Three Advocates on the Lasting Legacy and Hopeful Future of the Criminal Justice Reform Movement

The Vera Institute of Justice recently welcomed three new members to its board of trustees. Now in its 60th year, the organization has changed and grown, ebbing and flowing with the most critical issues facing criminal justice reform.
Damien Dwin Chair
Jul 08, 2021

Nonprofits like Vera are accountable to many people. There are the thousands of individuals who may be impacted by the policy, programmatic, or advocacy efforts made by the organization; the community partners and coalitions that the organization works with every day; and the staff, donors, volunteers, and supporters who keep the work moving forward. Then there are the board of directors and board of trustees—both groups of volunteers who serve terms of anywhere between four and eight years. These boards govern the nonprofit itself and, in the case of trustees, take on a leadership role in their personal connections with supporters.

Three new trustees—Helam Gebremariam, Lili Lynton, and Nelson O. Fitts—are helping to steer Vera itself as well as its supporters into the coming years. These representatives join the organization in its 60th year, and each has their own personal connection to the criminal justice reform movement.

Vera's work has shifted over time to become more inclusive of and responsive to the needs of those most affected by the far reach of the criminal legal system. The organization remains dedicated to ending mass incarceration, and three questions have served as guideposts as it has pushed its work forward:

  • How can we scope our future work?
  • What resources do communities that are most targeted by the criminal legal system need to heal and thrive?
  • What can Vera do to redress the racism and white supremacy that fuel the system?

Helam, Lili, and Nelson join a dedicated board of trustees and directors who will work to advance this important work: from celebrating and amplifying Vera’s 60th anniversary this year; to continuing Vera’s groundbreaking, actionable research and strategic partnerships to drive meaningful policy change; to advocating on behalf of those most targeted by the system.
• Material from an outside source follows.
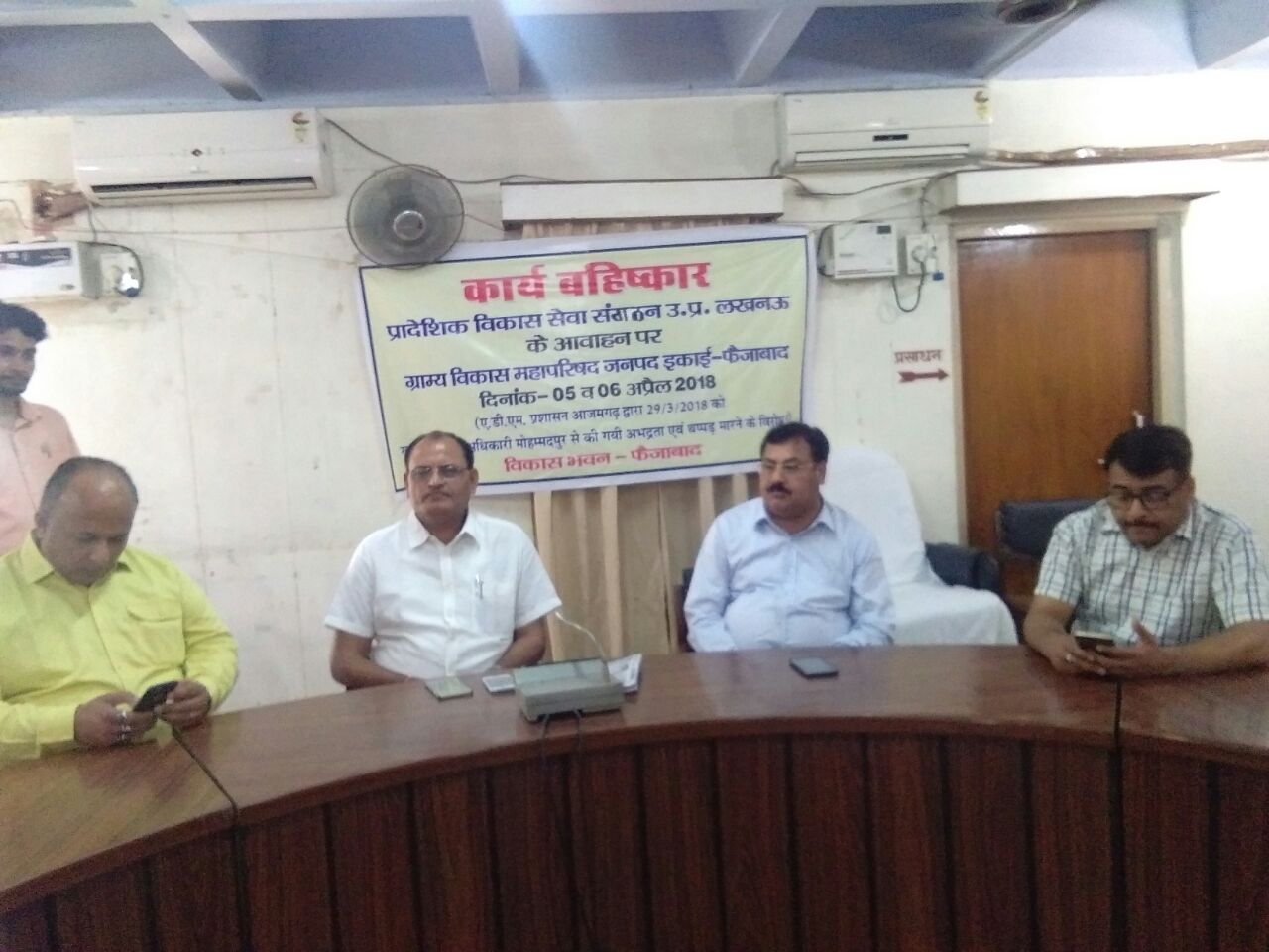 फैजाबाद|फैजाबाद ग्राम विकास संगठन मैं आज आजमगढ़ के एडीएम की गिरफ्तारी की मांग को लेकर कार्य बहिष्कार किया गया उनका साफ तौर पर कहना था कि अगर आजमगढ़ के डीएम लवकुश त्रिपाठी को निलंबित नहीं किया गया तो अभी 5 और 6 तारीख को कार्य बहिष्कार किया जा रहा है 7 तारीख से अनिश्चित काल तालाबंदी की जाएगी जिसकी जिम्मेदारी सीधे सरकार की बनती है इसलिए हम लोग की मांग है के आजमगढ़ के ADM लव कुश त्रिपाठी को तत्काल निलंबित किया जाए इसी का विरोध जताने के लिए आज फैजाबाद विकास भवन में एक बैठक की गई जिसमें मांग की गई हैएडीएमको निलंबित किया जाए यह कार्य बहिष्कार का कार्यक्रम ग्राम विकास संगठन के बैनर तले किया गया बैठक में समस्त अधिकारी व कर्मचारी गण मौजूद रहे

From Vera’s work to end mass incarceration in its hidden hot spots around the country—rural communities and small cities—to its efforts to dismantle the school-to-prison pipeline in favor of restoring the promise of young people, hear what drives these three advocates.

Helam Gebremariam

“Through all the pain and loss of this past year, we also saw states and localities make tremendous strides and adjustments to our criminal justice system.”

Helam Gebremariam speaks to the possible future of criminal justice reform the COVID-19 pandemic showed us.

“We can do better. We must do better. And the time to act is now. The wheels are turning, and we have the opportune moment to really galvanize ourselves, to focus ourselves, and to have our voices heard in this quest for justice.”

Learn more about Vera’s Center on Immigration and Justice.

Lili Lynton

“I became involved with Vera and criminal justice reform, like so many Americans, once it started touching me personally. By the time it came home to me, it was already of crisis proportions.”

As a dedicated advocate of young people’s education, Lili Lynton witnessed firsthand the devastating impacts of the school-to-prison pipeline.

“What is most extraordinary is that we are taking our most vulnerable population and, instead of supporting them, instead of helping them achieve their dreams, we are making it as difficult as possible.”

Learn more about Vera’s Restoring Promise program.

Nelson O. Fitts

“Access to education and training in jails and prisons—especially postsecondary education—is critical.”

Nelson O. Fitts and his law firm have been invested in Vera’s work for years. Now, he directs his attention to improving access to education and job training for incarcerated people and reducing overincarceration in rural communities.

“A generation from now, what kind of American society we live in will turn, in part, on reducing the populations of jails and prisons, and successfully reintegrating formerly jailed people into the community and the economy.”